**Exercise**: Retype every record exactly. Leave the pictures out.

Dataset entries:
= = =

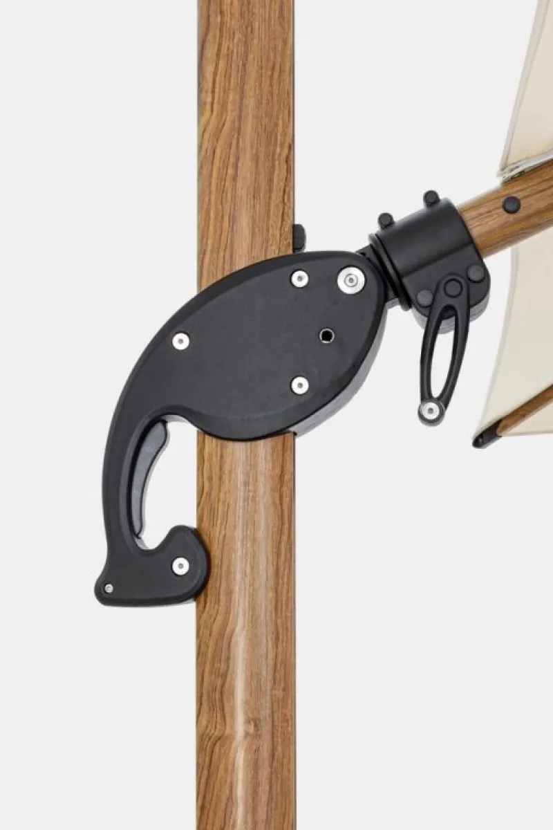STRUTTURA IN ALLUMINIO VERNICIATA A POLVERE (POLIESTERE) EFFETTO LEGNO. PALO 90X60MM. 8 STECCHE 25X17MM. TELO BEIGE IN POLIESTERE 250GR/M2 CON RIVESTIMENTO IN PA (POLIAMMIDE) CON CAMINO ANTIVENTO. BASE A CROCE IN ACCIAIO. PALO GIREVOLE 360° CON PEDALINA. INCLINAZIONE VERTICALE CON IMPUGNATURA A 6 POSIZIONI. DOTATO DI SISTEMA PER INCLINAZIONE OMBRELLO DESTRA-SINISTRA. COMPRENSIVO DI
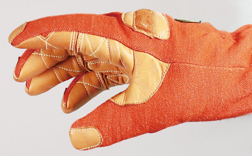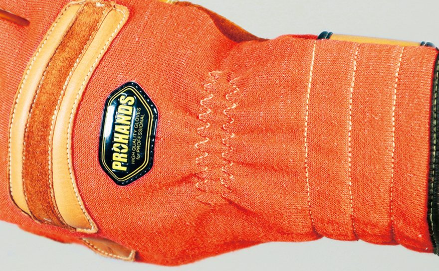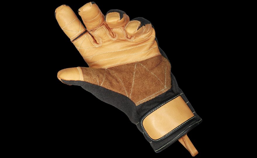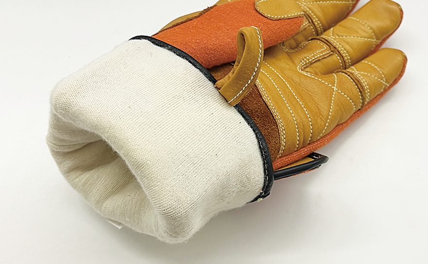 手掌部耐炎加工側補強+牛皮裏出し滑り止め対策。
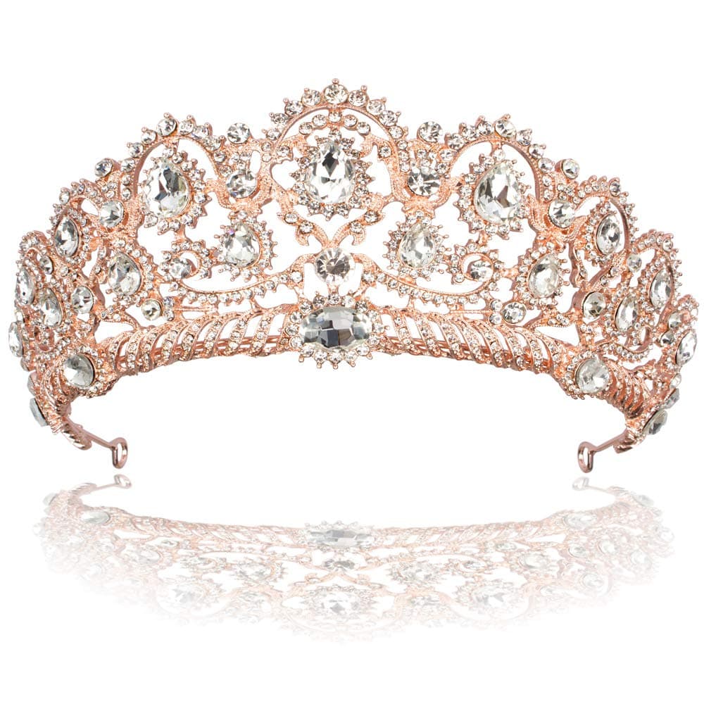 The rose gold color of this tiara is beautiful, and the rhinestones are very sparkly. I bought this tiara for my grandmother's 93rd birthday, but she was unable to wear it as the metal is quite heavy and the tiara doesn't stay very well on the head. Perhaps if bobby pins were used, it would stay on properly, but the weight of the tiara is something to take into account, as well.Overall, it is a beautiful tiara, but unless you have a lot of hair to pad your head and bobby pins to hold it on, it may be difficult to wear.
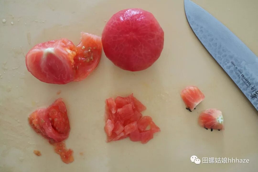 番茄切丁的时候,因为不想有太多汁水和同样出于口感的考虑,我也会抛弃掉有籽的那部分。但这个看你喜好,汁水多也挺好吃的。
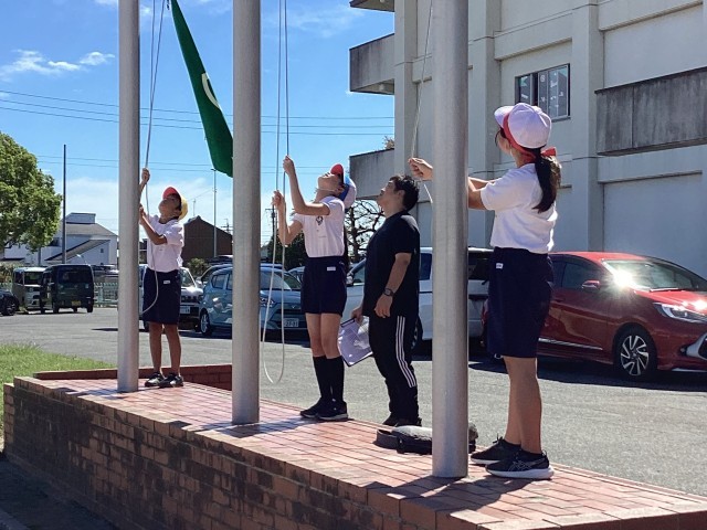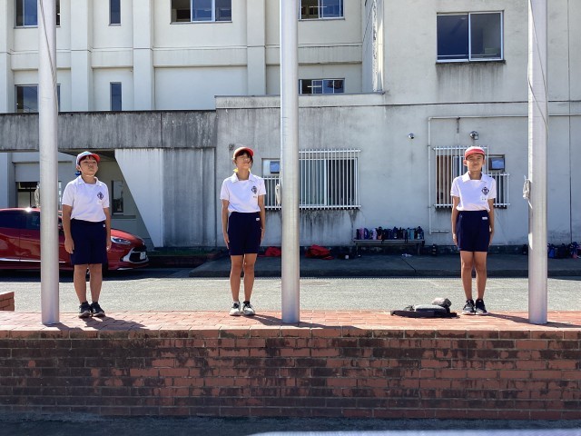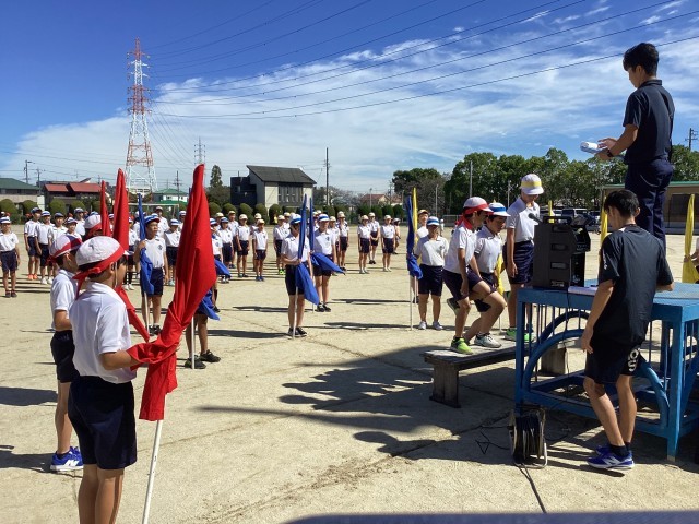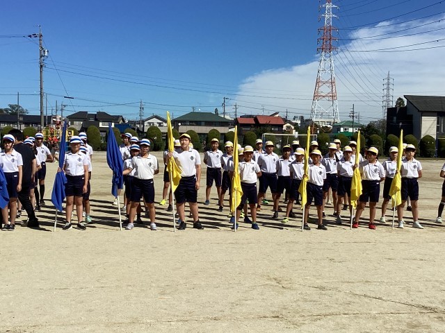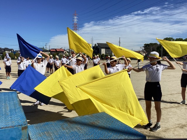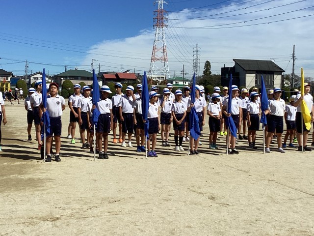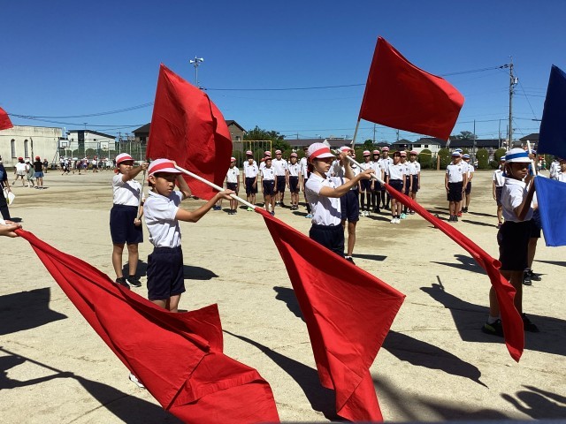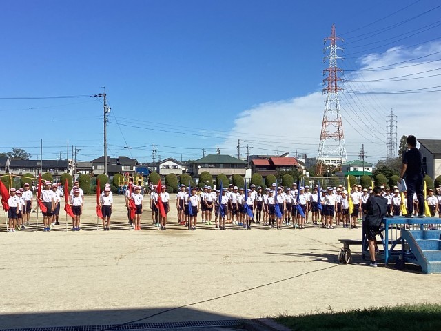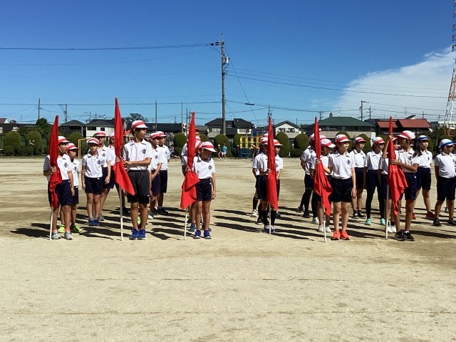 6年生が開閉会式の練習をしました。選手宣誓をする3人の大きな声。旗を持っている子。かっこいいです!運動会まで後1週間ほど。今から運動会が楽しみですね

= = =

**Result for this task**:
STRUTTURA IN ALLUMINIO VERNICIATA A POLVERE (POLIESTERE) EFFETTO LEGNO. PALO 90X60MM. 8 STECCHE 25X17MM. TELO BEIGE IN POLIESTERE 250GR/M2 CON RIVESTIMENTO IN PA (POLIAMMIDE) CON CAMINO ANTIVENTO. BASE A CROCE IN ACCIAIO. PALO GIREVOLE 360° CON PEDALINA. INCLINAZIONE VERTICALE CON IMPUGNATURA A 6 POSIZIONI. DOTATO DI SISTEMA PER INCLINAZIONE OMBRELLO DESTRA-SINISTRA. COMPRENSIVO DI
 手掌部耐炎加工側補強+牛皮裏出し滑り止め対策。
 The rose gold color of this tiara is beautiful, and the rhinestones are very sparkly. I bought this tiara for my grandmother's 93rd birthday, but she was unable to wear it as the metal is quite heavy and the tiara doesn't stay very well on the head. Perhaps if bobby pins were used, it would stay on properly, but the weight of the tiara is something to take into account, as well.Overall, it is a beautiful tiara, but unless you have a lot of hair to pad your head and bobby pins to hold it on, it may be difficult to wear.
 番茄切丁的时候,因为不想有太多汁水和同样出于口感的考虑,我也会抛弃掉有籽的那部分。但这个看你喜好,汁水多也挺好吃的。
 6年生が開閉会式の練習をしました。選手宣誓をする3人の大きな声。旗を持っている子。かっこいいです!運動会まで後1週間ほど。今から運動会が楽しみですね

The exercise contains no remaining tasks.